Proxmox update cluster from 3 to 4

The new Proxmox got released http://pve.proxmox.com/wiki/Roadmap#Proxmox_VE_4.0 on 05.10.2015. You probably ended up here by typing “Proxmox update cluster from 3 to 4” to google. In this article I will outline how i updated my “poor man’s cluster”. My proxmox cluster currently consists of 5 servers hosted @ 3 Datacentres. I will try to add screenshots etc because most people i know prefer a hands on description rather then the technical writeups.

According to the migration paper which can be found @ https://pve.proxmox.com/wiki/Upgrade_from_3.x_to_4.0

Proxmox VE 4.0 introduces major new features, therefore the upgrade must be carefully planned and tested. Depending on your existing configuration, several manual steps are required, including some downtime. NEVER start the upgrade process without a valid backup and without testing the same in a test lab setup.

Major upgrades for V4.0:

  • OpenVZ is removed, a conversion via backup/restore to LXC is needed
  • New corosync version, therefore clusters has to be re-established
  • New HA manager (replacing RGmanager, involving a complete HA re-configuration)

Generally speaking there are two possibilities to move from 3.x to 4.0

  • In-place upgrade via apt, step by step
  • New installation on new hardware (and restore VMยดs from backup) – safest way.

In order to keep the downtime minimal i will try the “In-place upgrad via apt, step by step guide”. So lets dive in

Mixed cluster of v3 and v4 not possible:

 

Why bother to update?

There are a lot of reasons why to update to the new versions but the key reasons that motivated me to update are:

  • New Kernel Versions
  • Put OpenVZ to rest
  • Introduction of LXC
  • High Availability ( HA ) that supposedly works out of the box

 

Quick summary of steps for proxmox update cluster

step 1 – 5 Servers in cluster, remove all vms from server1 move over to other servers.

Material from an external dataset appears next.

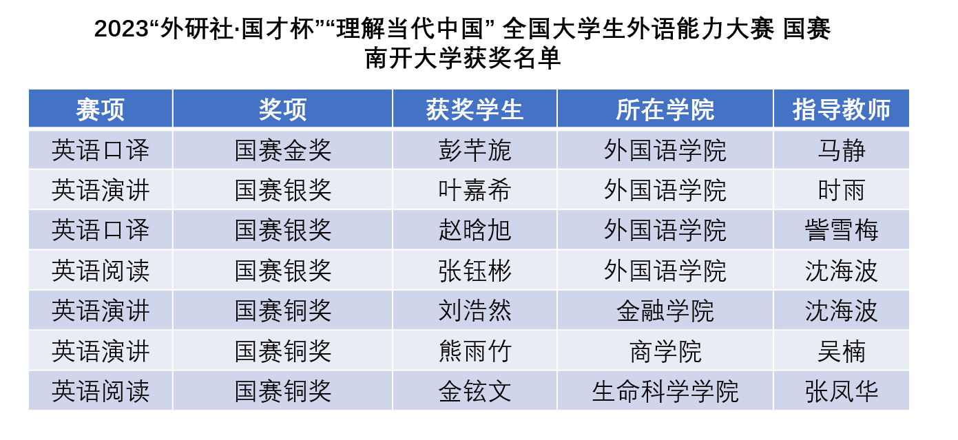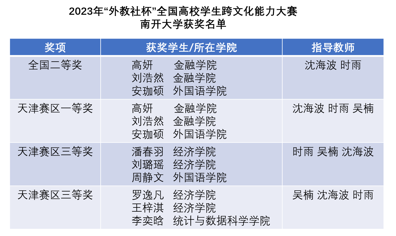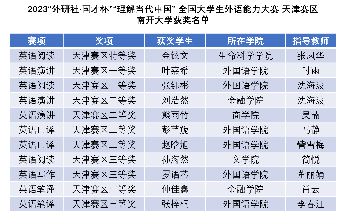 (通讯员时雨 唐磊)12月初,2023“外研社.国才杯”“理解当代中国”全国大学生外语能力大赛(简称为“外研社国才杯”外语能力大赛)和2023年“外教社杯”全国高校学生跨文化能力大赛(简称为“外教社杯”跨文化能力大赛)两大英语赛事圆满落幕。我校选手今年的参赛成绩创我校参与两项赛事以来最佳成绩,展现了南开学子的风采。

step 2 – change dns of all vms that ran on server1 to point to the new locations

step 3 – update server1 to new proxmox 4.0 ( remove from current cluster )

step 4 – create new cluster on server1 using proxmox 4.0

step 5 – import vms that previously ran on server1 to the new cluster on server1

step 6 – repeat step 1-5 for every other server

 

1 Migrate all Openvz Containers to KVMs/LXC

OpenVZ is not available for Kernels above 2.6.32, therefore a migration is necessary. Linux Container technology is available in all mainline Linux kernels and a future proof technology introduced in Proxmox VE 4.x series.You have a few options here

  • Move the applications that are running inside openvz containers over to KVMs
  • Convert the openvz containers to LXC containers – tutorial

 

 

2 Backup all existing systems

I hope you already have an automated system to backup your virtual machines regularly, if not create a system of each VMknow, in case of a zombie apocalypse your should be prepared. You can create backups inside proxmox easily using the webinterface, your backups’ default location for kvms on your servers is /var/lib/vz/dump. Most server providers offer a few 100GB of backup space accesible via nfs/ftp etc, this backup space is ideal to place your backups.

 

 

3 Clean up your Test-Server

So from the 5 servers i have running i have physical access to 1 of those servers, this will be the server i ll be testing the updated from 3 to 4 on. The servername of that server is Berlin1. The other Servers are located in datacentres, because they need more traffic then my local ISPs can handle. All servers are connected via OpenVPN to allow multicasts to be sent between the servers.

proxmox current setup

So my first task is to move all virtual machines running on this server to other servers in my cluster, so these vms remain online and i can test this update process on berlin1 without affecting anybody else. Then once i know how the updates work, I can roll-out these changes on the other production systems during off-peak hours ( yes nightshift! ๐Ÿ™‚ )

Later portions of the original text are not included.